Photos from the historic meeting on Elbe River between American and Soviet troops, 1945


These iconic photos were taken on the day Soviet and American soldiers met on the Elbe River near Torgau in Germany, marking a significant step toward the end of World War II in Europe.

The first image shows American Lieutenant William Robertson and Soviet Lieutenant Alexander Silvashko smiling with their arms around each other, in front of their national flags.

The photo of Robertson and Silvashko was taken on April 26, the day after they met. Other shots show soldiers shaking hands, exchanging mementos and posing for photographs.

This contact between the Soviet Union advancing from the east and the Americans advancing from the west meant that the two powers had effectively cut Germany into two.

The first contact between American and Soviet patrols occurred near Strehla, when First Lieutenant Albert Kotzebue, an American soldier, crossed the Elbe River in a boat with three men from an intelligence and reconnaissance platoon.

On the east coast, they were met by forward elements of the Soviet Guards Rifle Regiment of the 1st Ukrainian Front, under the command of Lieutenant Colonel Alexander Gordeev.

On the same day, another patrol under Second Lieutenant William Robertson, accompanied by Frank Huff, James McDonnell and Paul Staub, met a Soviet patrol under the command of Lieutenant Alexander Silvashko on the destroyed Elbe bridge at Torgau.

On 26 April, the commander of the 69th Infantry Division of the First Army, Emil F. Reinhardt, and Vladimir Rusakov, the commander of the 58th Guards Rifle Division of the 5th Guards Army, met at Torgau, southwest of Berlin.

The next day, April 27, a formal "handshake of Torgau" was arranged between Robertson and Silvashko in front of the photographers.

US President Harry S. Truman welcomed the news: "It is not the time of the final victory in Europe, but the time is drawing near for which all the American people, all the British people and all the Soviet people have worked hard and prayed for so long." Of.

Joseph Stalin spoke of the war still ahead: "Our task and our duty is to complete the destruction of the enemy by forcing him to lay down his arms and surrender unconditionally.

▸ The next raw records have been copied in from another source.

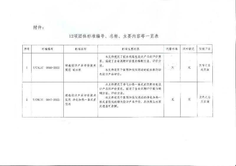 T/CNLIC 0046-2022 綠色設計產品評價技術規范 軟水機 T/CNLIC 0047-2022 綠色設計產品評價技術規范 凈化加熱一體式直飲機 T/CNLIC 0049-2022 東北傳統六醬 T/CNLIC 0050-2022 腐竹 T/CNLIC 0052-2022 綠色設計產品評價技術規范 聚丙烯壓延薄膜與片材 T/CNLIC 0056-2022 家用電器行業綠色工廠評價導則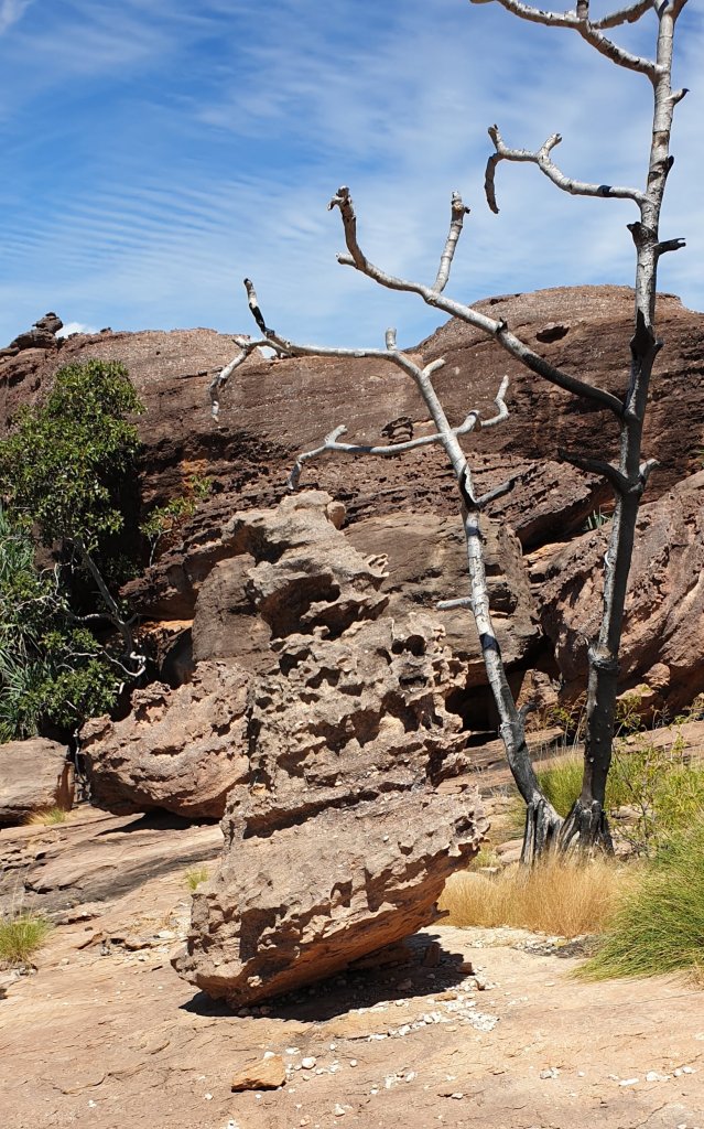 Namanjolg’s Feather is a small rock perched high up. It’s the feather that his sister took from his headdress after they had broken the incest laws. She placed it here to show what she had done. Later, she became the Rainbow Serpent. Even on the sign depicting the story, the poor fella’s name is spelt two different ways. As if he wasn’t suffering enough already by having a boulder in his hat, euphemistically referred to as a feather.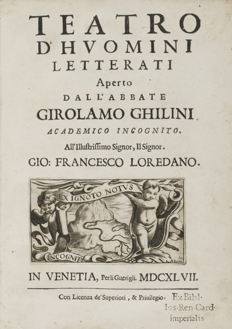 [Imperiali]. Lotto che contiene la seconda edizione del Teatro d'huomini letterati di Girolamo Ghilini nell'edizione veneziana di Guerigli del  con grande vignetta incisa in rame al frontespizio, entro legatura coeva in pergamena con titolo in oro su tassello al dorso, e recante un ex libris nobiliare e il timbro del cardinale Giuseppe Renato Imperiali, noto per la sua grande la biblioteca che comprendeva più di 15.000 volumi, con una prevalenza di testi di diritto, filosofia e letteratura.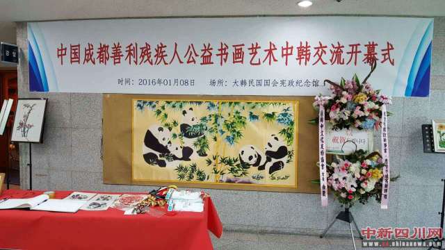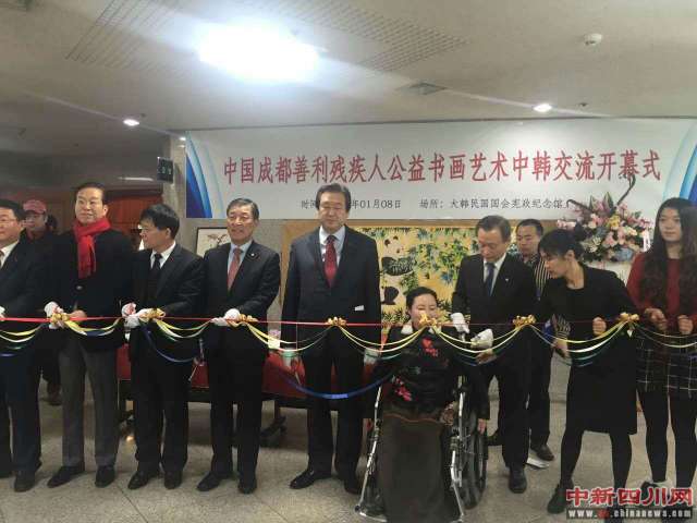 央廣網(wǎng)江西分網(wǎng)1月9日消息 8日,成都善利殘疾人公益書(shū)畫(huà)藝術(shù)中韓交流會(huì)在韓國(guó)首爾隆重舉行。韓國(guó)執(zhí)政黨新國(guó)家黨中央委員會(huì)代表黨魁、國(guó)會(huì)議員金武星, 韓國(guó)執(zhí)政黨新國(guó)家黨中央委員會(huì)總長(zhǎng)、國(guó)會(huì)議員黃震夏, 韓國(guó)執(zhí)政黨新國(guó)家黨中央委員會(huì)國(guó)民同胞首席副委員長(zhǎng)、國(guó)會(huì)議員楊昶榮,前大韓民國(guó)駐華大使館大使、國(guó)會(huì)議員權(quán)寧世, 韓國(guó)執(zhí)政黨新國(guó)家黨中央委員會(huì)總干事樸京培, 世界韓人商工總聯(lián)合會(huì)對(duì)外協(xié)力委員長(zhǎng)、中韓自由貿(mào)易(FTA)民間商貿(mào)促進(jìn)發(fā)展委員會(huì)委員長(zhǎng)金振興,以及成都善利殘疾人公益書(shū)畫(huà)藝術(shù)交流團(tuán)代表逾百人出席參加了開(kāi)幕式。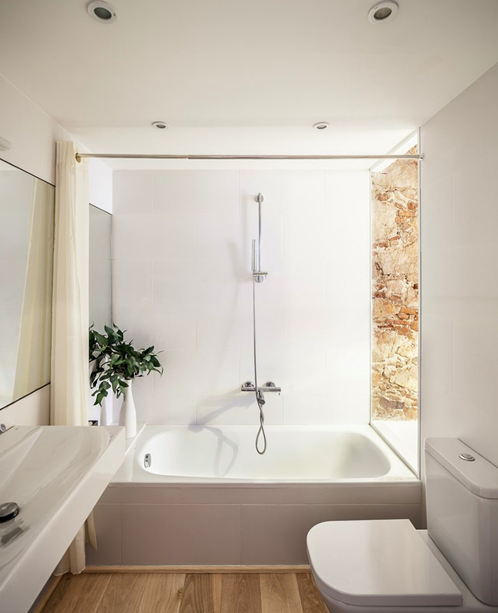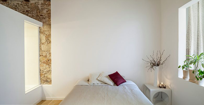 Como podéis ver, su propietaria ha decidido dejar a la luz su pared de piedra y sus enormes techos con arcadas.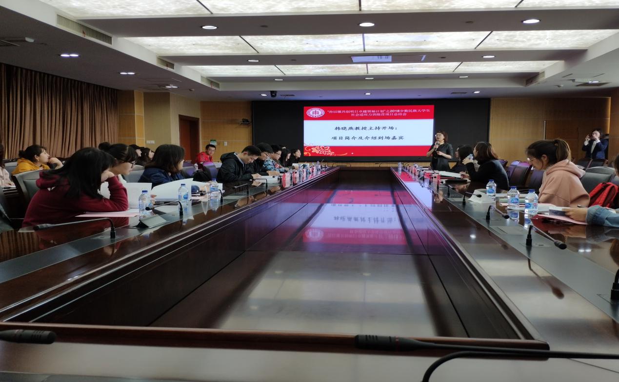 出席本次活动的有“孙以敏共创明日卓越领袖训练营”的资助者孙以敏先生、公司党委书记熊琼、党委副书记黄燕、光华书公司党委副书记涂皘、教育发展基金会办公室副主任章晶晶、教务处全校项目总管理员经雨珠、校内督导老师尹强、郭娟、校外督导王逸玮、龙雨田、孙振军以及参与2018年项目执行的少数民族老员工。会议由项目负责人、3044永利集团社会工作系韩晓燕教授主持。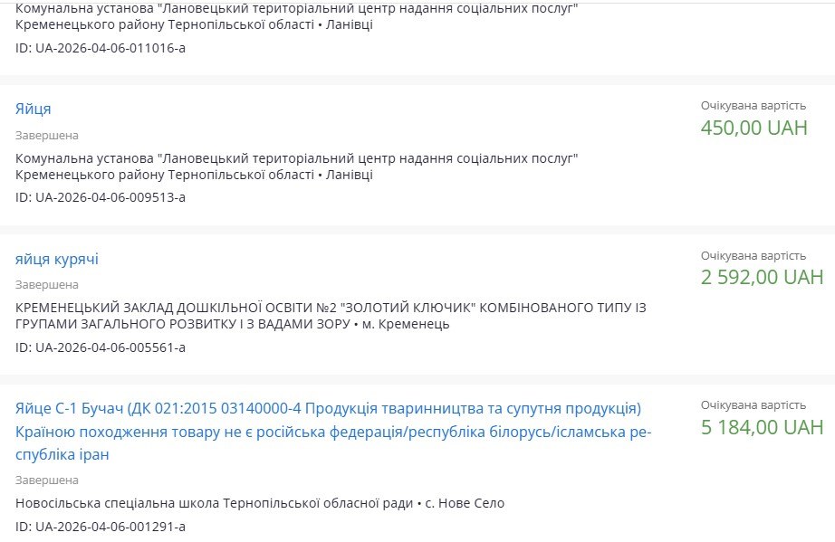 - Служба у справах дітей Великогаївської сільської ради хоче купити 120 яєць за 1151 гривню.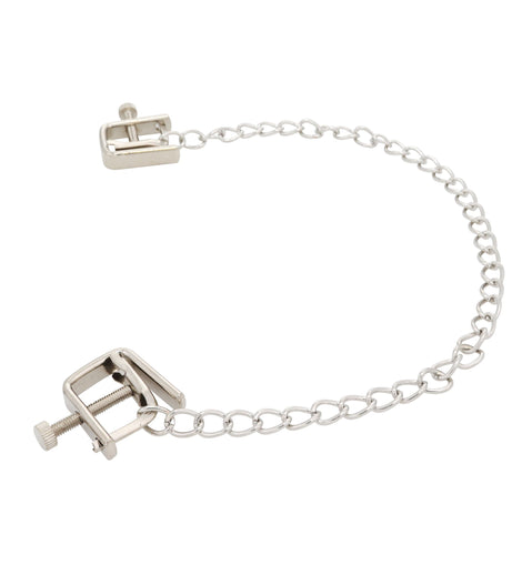 Vice grip style clamps keep your nipples erect and your body aroused! The adjustable vice applies pressure to your nipples with a slight turn of a screw, escalating the tension when desired. With the connected chain applying the right amount of pull on your nipples, you will feel increased stimulation with every move! Have your partner lightly tug on the chain for some added control and kink in the bedroom! Perfect for nipple play beginners or for those wanting to add something to their bondage repertoire.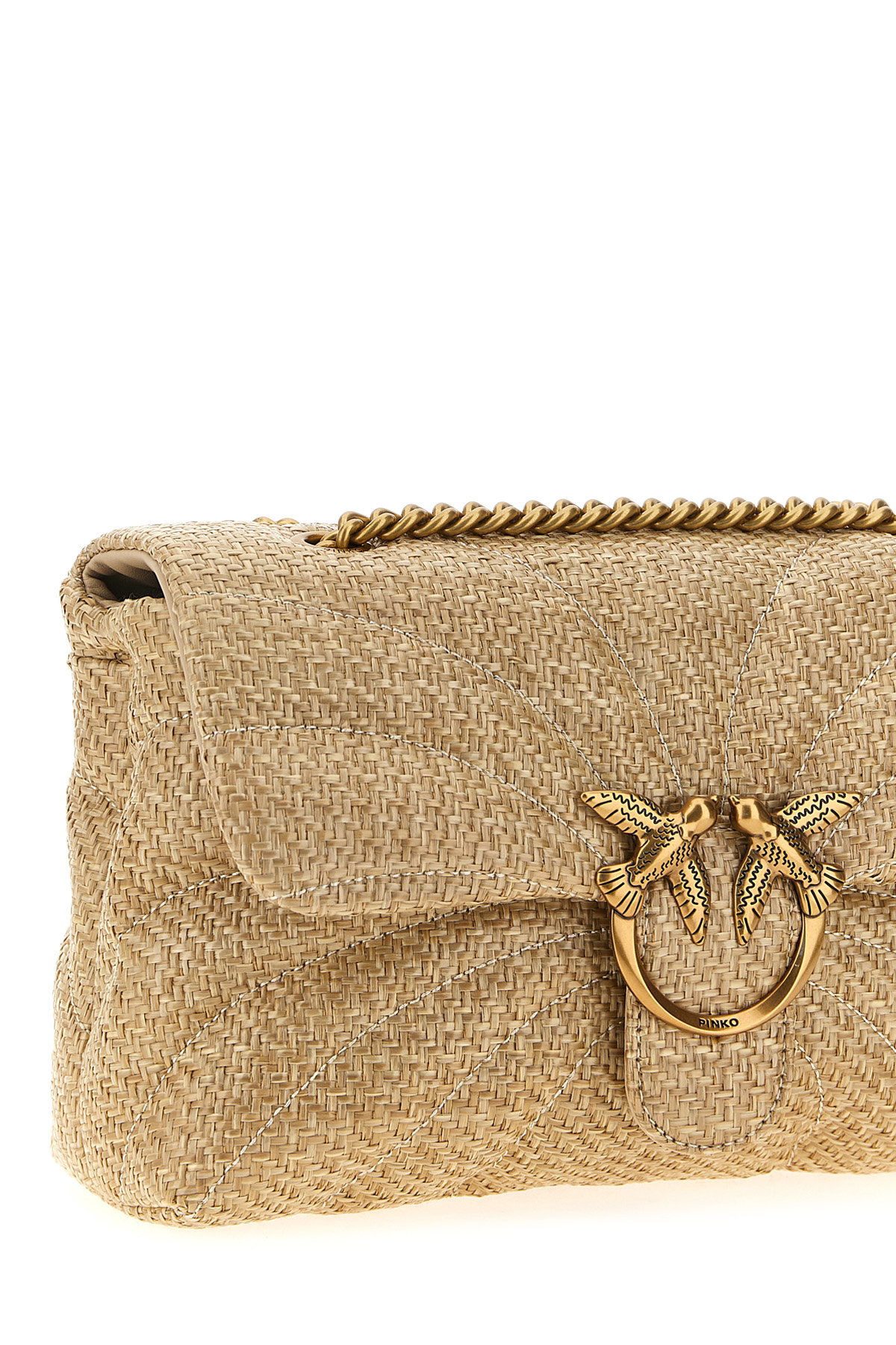 Love Bag Puff' raffia crossbody bag with butterfly quilting, interlocking flap closure with gold metal 'Love Birds Diamond Cut' buckle, back pocket, chain shoulder strap with sliding leather protection.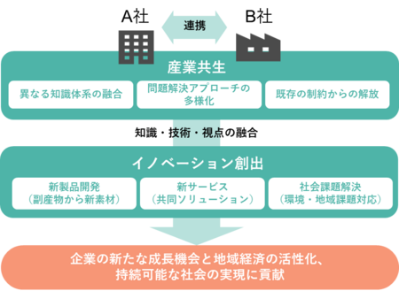 多くの企業がサーキュラーエコノミーへの移行を経営戦略に掲げる中、具体的なビジネス実装が進まない課題に直面しています。一方で、BtoB領域は大量の資源が流通し、企業間の長期的・安定的な取引関係が構築されていることから、循環型社会の実現において重要な鍵を握っています。本サービスは、このBtoB領域特有の構造を生かし、地理的に近接する異業種間での連携を通じて廃棄物や副産物などの資源を相互に有効活用する「産業共生 (Industrial Symbiosis)」※2に着目しました。「産業共生」は、環境負荷の低減とコスト削減の両立だけでなく、それぞれの企業が持つ知識や技術の融合を図ることで、地域のオープンイノベーション基盤にもなります。サーキュラーエコノミーへの移行を加速させる仕組みであると同時に、企業の成長機会と地域経済の活性化の実現に貢献する重要な取り組みです。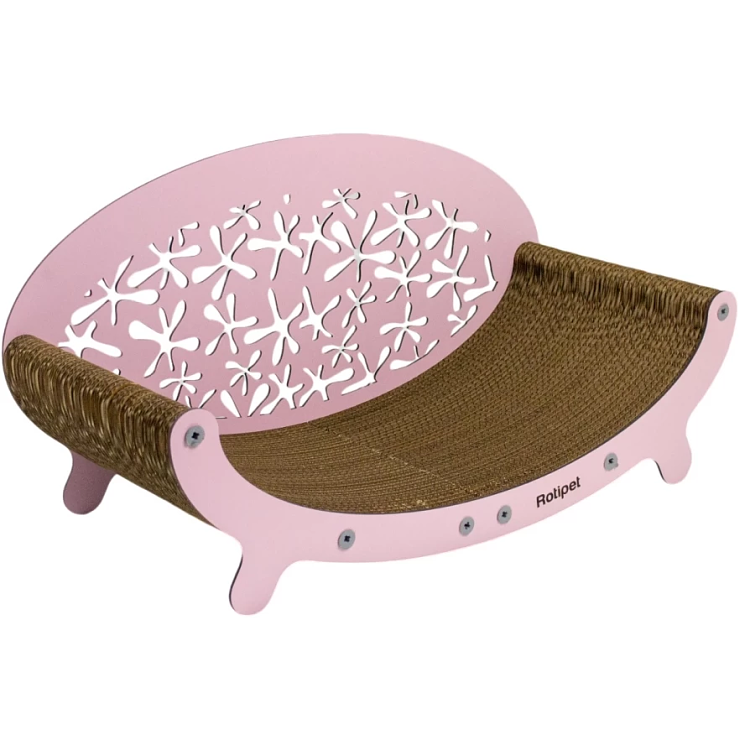 Ονυχοδρόμιο γάτας από πεπιεσμένο χαρτόνι με χρωματιστά μέρη από MDF. Είναι ένα προϊόν που θα ικανοποιήσει το φυσικό ένστικτο της γάτας να ξύνει τα νύχια της. Δεν βλάπτει τα νύχια και τα πόδια τους. Χρησιμοποιήθηκαν ανακυκλωμένα υλικά και οργανική κόλλα. Προστατεύει τα έπιπλα και τα χαλιά σας.
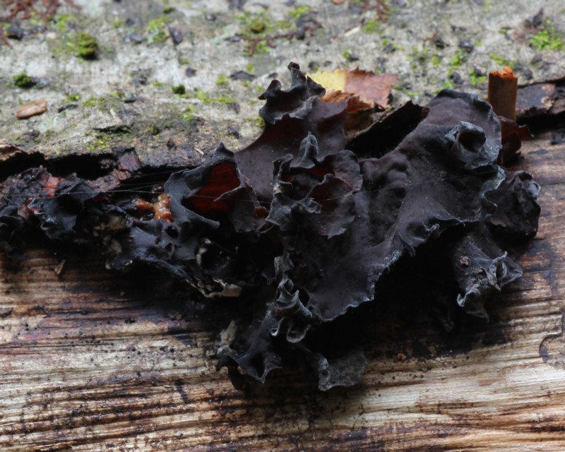 | ・子実体/花びら状裂片が重なり合って八重咲きの花状になる。色は黒色〜暗褐色でゼラチン質。 |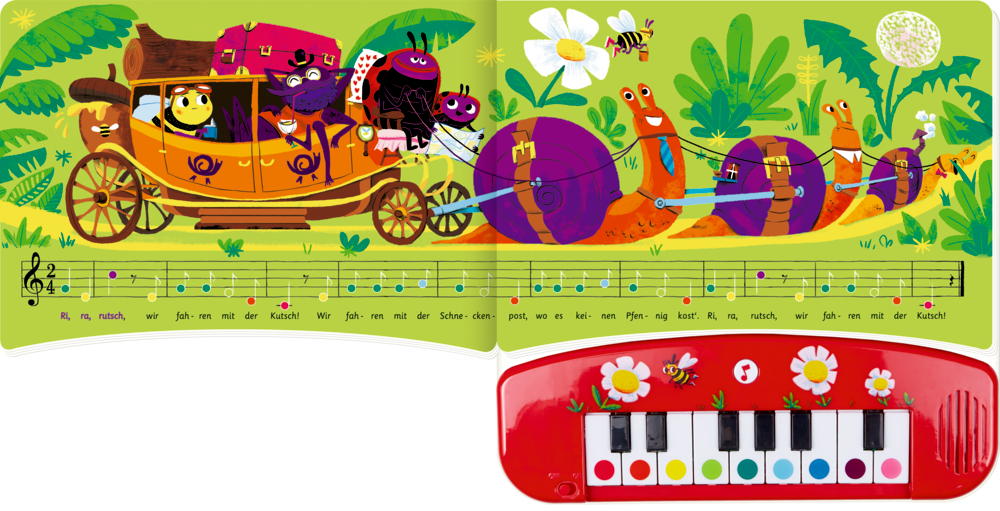 Zehn der beliebtesten Kinderlieder können dank der klaren Farbkodierung der Tasten einfach nachgespielt werden: ganz ohne Vorkenntnisse!Die echten Klaviertasten lassen sich besonders leicht drücken. Der schöne Klang und die fröhliche und kindgerechte Notendarstellung laden zum Mitspielen ein!Musikpädagogen empfehlen dieses Buch, denn es fördert- das Konzentrationsvermögen- die Hand-Auge-Koordination- das erste Farbverständnis- die emotionale und kognitive Entwicklung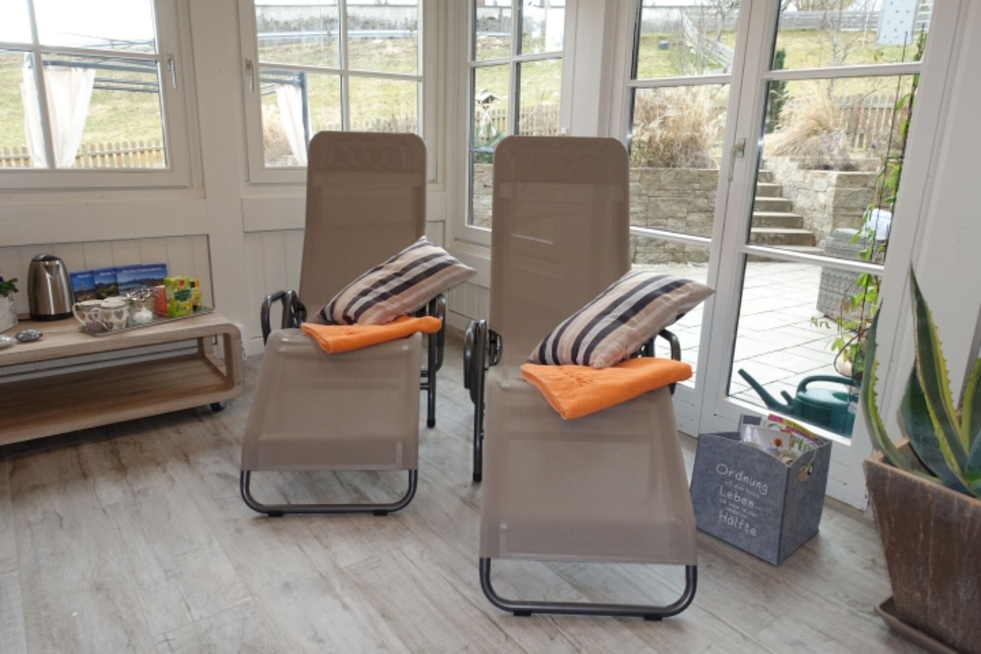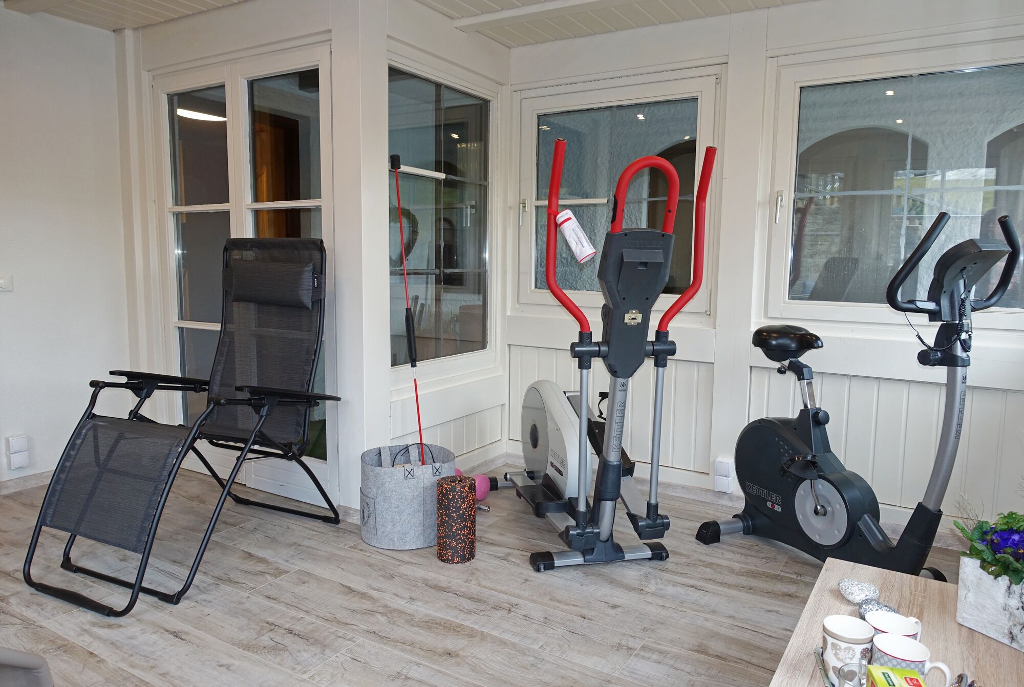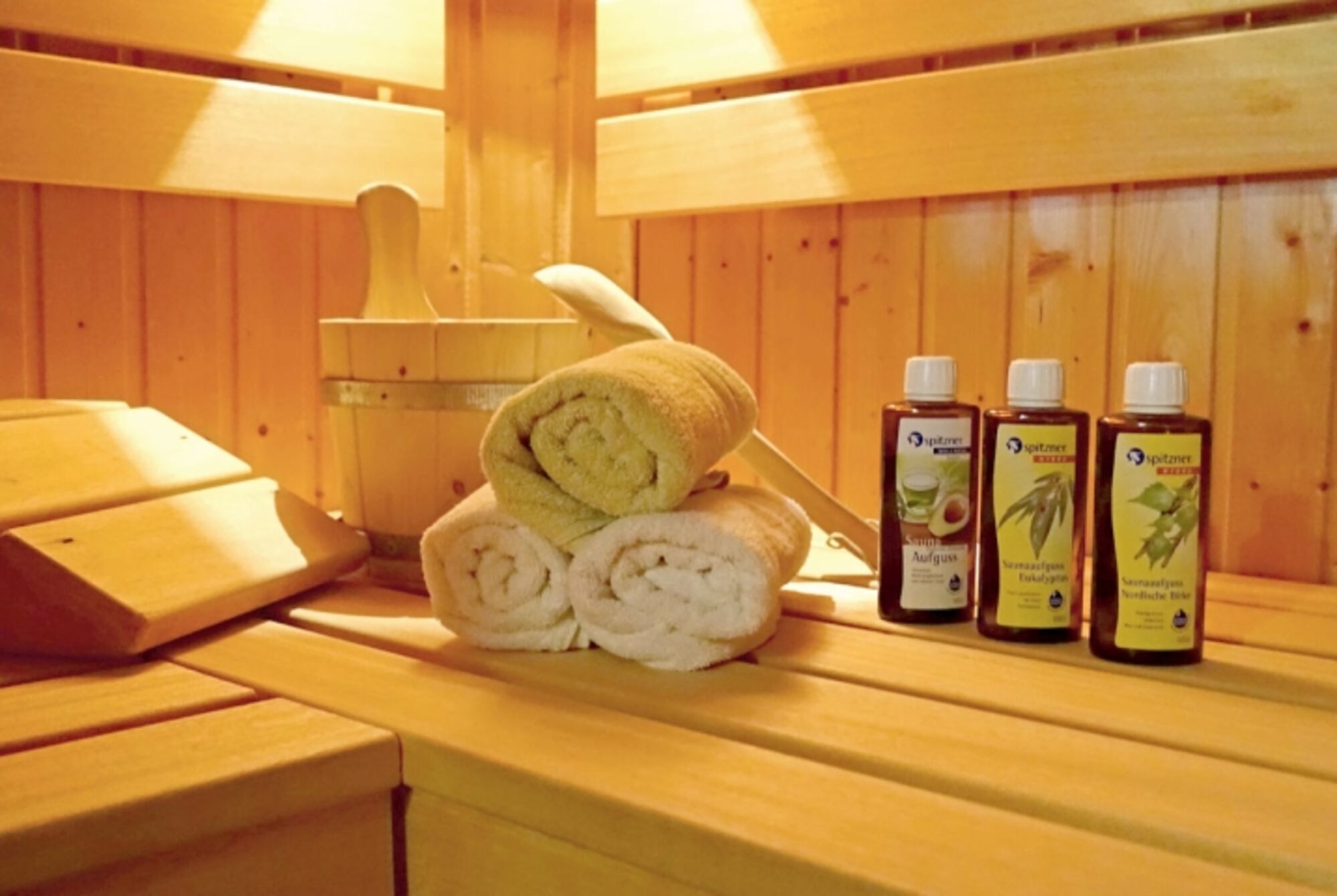 Wellness: Fitnessgeräte und Ruheraum mit Relaxliegen, Finnische Sauna mit Aufgussdüften, Massagen (kostenpflichtig), 4,5 m Aufstellpool im Sommer.

The Red Army is our people and all liberties- Will fulfill this task and this duty for the loving people."

The Soviet, American, British and French governments issued simultaneous statements that evening in London, Moscow and Washington, reaffirming the determination of the three Allied Powers to complete the destruction of the Third Reich.

Even though the Allies had halved Germany, Hitler ordered his troops to fight before committing suicide on 30 April.

In later years, monuments to the Elbe link-up were erected in Torgau, Lorenzkirch and Bad Liebenwerda. There is also a "Spirit of the Elbe" plaque at Arlington National Cemetery.

During the Cold War, the link-up was often cited as a reminder of the peace and friendship between the US and the Soviet Union.

One of the soldiers at the link-up petitioned the United Nations to make April 25 a "World Peace Day", although it was never officially declared.

Russia later issued a coin commemorating the 50th anniversary of the event. In 2010, the US and Russian presidents issued a joint statement on April 25 and respecting the "spirit of the Elbe".